Please set down only the lines below starting with the line with "在第三堂专题党课中,潘欣老师" and going on through the line with "과거 도지코인(Dogecoin) 비트코인", verbatim and without pictures.

▶ **Data for review**
──────────────────────────────
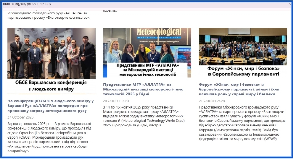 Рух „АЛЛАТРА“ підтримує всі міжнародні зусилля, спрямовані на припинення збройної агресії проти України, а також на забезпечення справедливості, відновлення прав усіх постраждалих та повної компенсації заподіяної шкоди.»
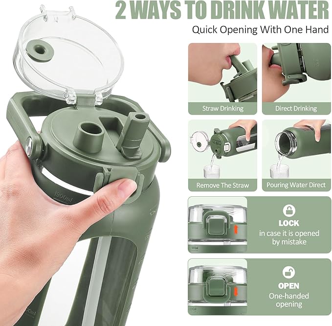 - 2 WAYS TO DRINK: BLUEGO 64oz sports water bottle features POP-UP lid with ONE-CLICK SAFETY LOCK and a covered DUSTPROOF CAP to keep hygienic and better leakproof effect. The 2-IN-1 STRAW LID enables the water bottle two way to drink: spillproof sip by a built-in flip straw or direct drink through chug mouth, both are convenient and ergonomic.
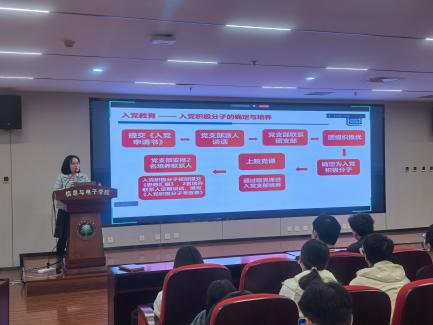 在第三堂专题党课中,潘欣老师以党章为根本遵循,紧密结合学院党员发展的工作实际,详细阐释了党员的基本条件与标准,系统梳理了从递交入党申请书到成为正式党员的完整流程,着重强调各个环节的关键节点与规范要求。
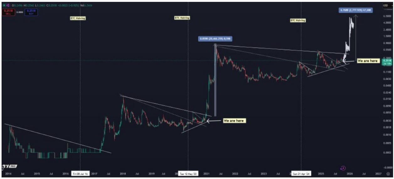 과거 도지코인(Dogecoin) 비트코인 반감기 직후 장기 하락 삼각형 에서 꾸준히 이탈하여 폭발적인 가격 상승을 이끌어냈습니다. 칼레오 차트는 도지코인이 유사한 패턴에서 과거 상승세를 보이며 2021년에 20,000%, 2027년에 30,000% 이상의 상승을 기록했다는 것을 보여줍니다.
──────────────────────────────
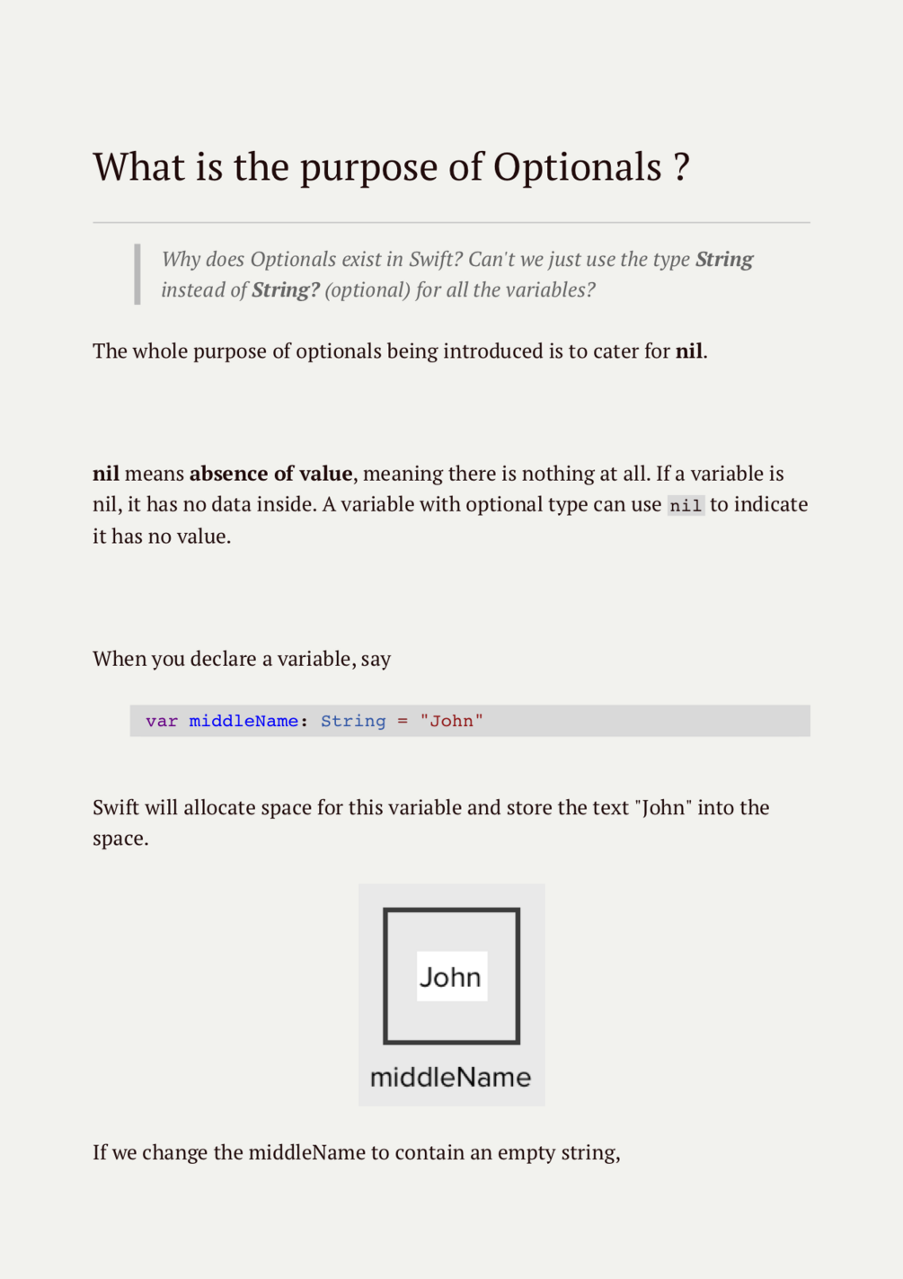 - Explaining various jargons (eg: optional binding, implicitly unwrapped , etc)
──────────────────────────────
▶ **Exercise answer**
 在第三堂专题党课中,潘欣老师以党章为根本遵循,紧密结合学院党员发展的工作实际,详细阐释了党员的基本条件与标准,系统梳理了从递交入党申请书到成为正式党员的完整流程,着重强调各个环节的关键节点与规范要求。
 과거 도지코인(Dogecoin) 비트코인 반감기 직후 장기 하락 삼각형 에서 꾸준히 이탈하여 폭발적인 가격 상승을 이끌어냈습니다. 칼레오 차트는 도지코인이 유사한 패턴에서 과거 상승세를 보이며 2021년에 20,000%, 2027년에 30,000% 이상의 상승을 기록했다는 것을 보여줍니다.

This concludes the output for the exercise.